Михаил связался по телефону с райисполкомом и сельсоветом в Рябошапках, чтобы ему приготовили необходимые материалы по хутору. Нужный отдел исполкома был в соседнем здании и через некоторое время он уже рассматривал план застройки Дикого. Название хутора сохранило фамилию первого хозяина, потомки которого были раскулачены и затерялись где-то на шахтах Донбасса. После голода 33-го года сюда переселились несколько семей из Запорожья.
С тех времен не осталось ни одной постройки. Глубокий овраг, называемый местными жителями Змеиной балкой, тянулся мимо хутора на много километров до самого моря и был во время войны рубежом обороны, сначала наших, потом немцев. Оба склона балки были изрыты окопами и усеяны остатками ржавого металла.

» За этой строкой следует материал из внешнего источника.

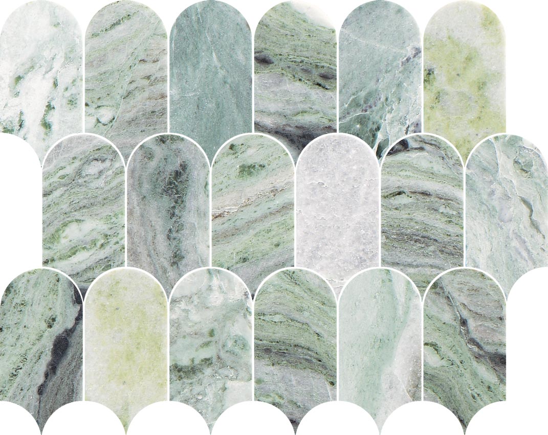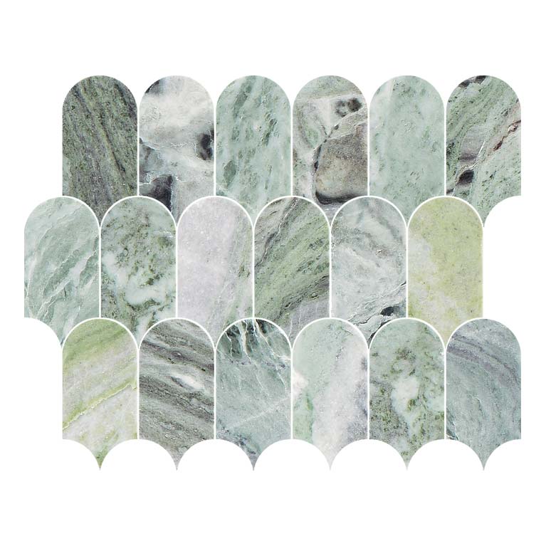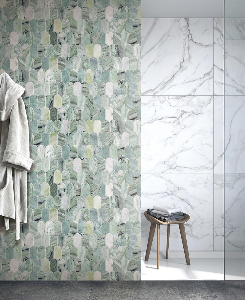The Coastline Collection features an elongated fish-scale shape which is sure to make a statement in your kitchen, bar or bathroom. Suitable for both walls & floors, this collection uses the beauty of natural marble stones with a unique shape to create this ultimate expression of urban chic. The collections feature 3 colour; Valentino Bianco, Oliva Verde and Versilia River Blu.
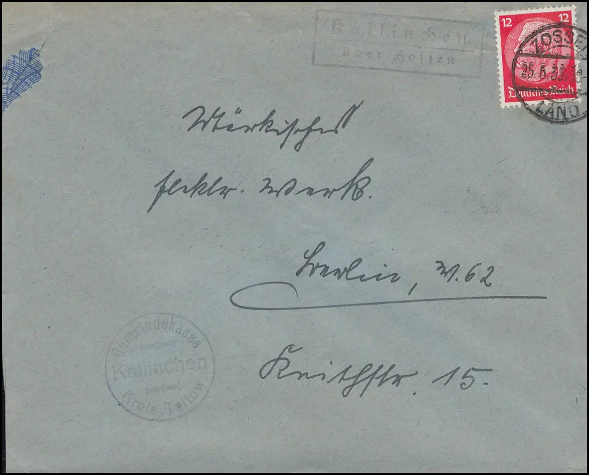 Landpost Kallinchen über Zossen, Brief ZOSSEN LAND 25.5.35
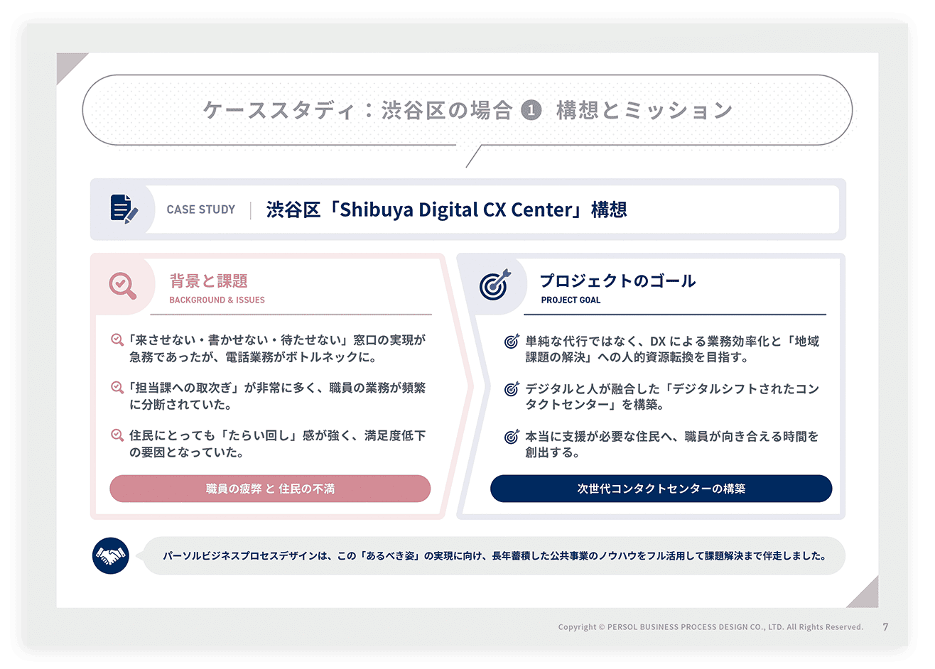 行政手続きのオンライン化が進む一方で、複雑化する電話対応が職員の負担となり、住民の「たらい回し」といった課題が生じています。本資料では、デジタル技術(AIやSMS等)と人の力を融合させた「次世代コンタクトセンター」の構築による電話業務改革・DXの実践アプローチを解説します。属人化を防ぐ独自のナレッジ運用手法「KCS」の仕組みや、住民満足度4.6を獲得した渋谷区様のケーススタディを交え、職員の「時間」創出と住民との「対話」の深化を両立させるノウハウをご紹介します。

Почти каждый год весной или после ливней летом вода вымывала солдатские кости. Их сносили в братские могилы, разбросанные вдоль балки, не разбираясь особенно, чьи это кости.
Сафонов принял Михаила около шести. Пожилой, аскетического вида человек, высокого роста, он и за столом выглядел внушительно. С задумчиво-мрачным выражением на худом продолговатом лице Сафонов долго перебирал бумаги, собираясь с мыслями:
– Мы решили… м-м-м, я решил освободить тебя от работы по жалобе на Симоненко…
– Почему?
– Расследование убийства этой старушки нужно провести быстро. Больше недели, от силы десять дней я тебе дать не могу. Потом на тебе еще дело Гливкой. По политическим соображениям его в этом месяце нужно передать в суд.
– Вы понимаете, что я не могу подвести своих односельчан. Они на меня надеются. Для них мое отстранение будет большим моральным ударом. Еще одним доказательством силы Симоненко или моей трусости. Меня не устраивают оба варианта…
– Есть еще веская причина. Ты не можешь быть объективным. У тебя есть личные счеты…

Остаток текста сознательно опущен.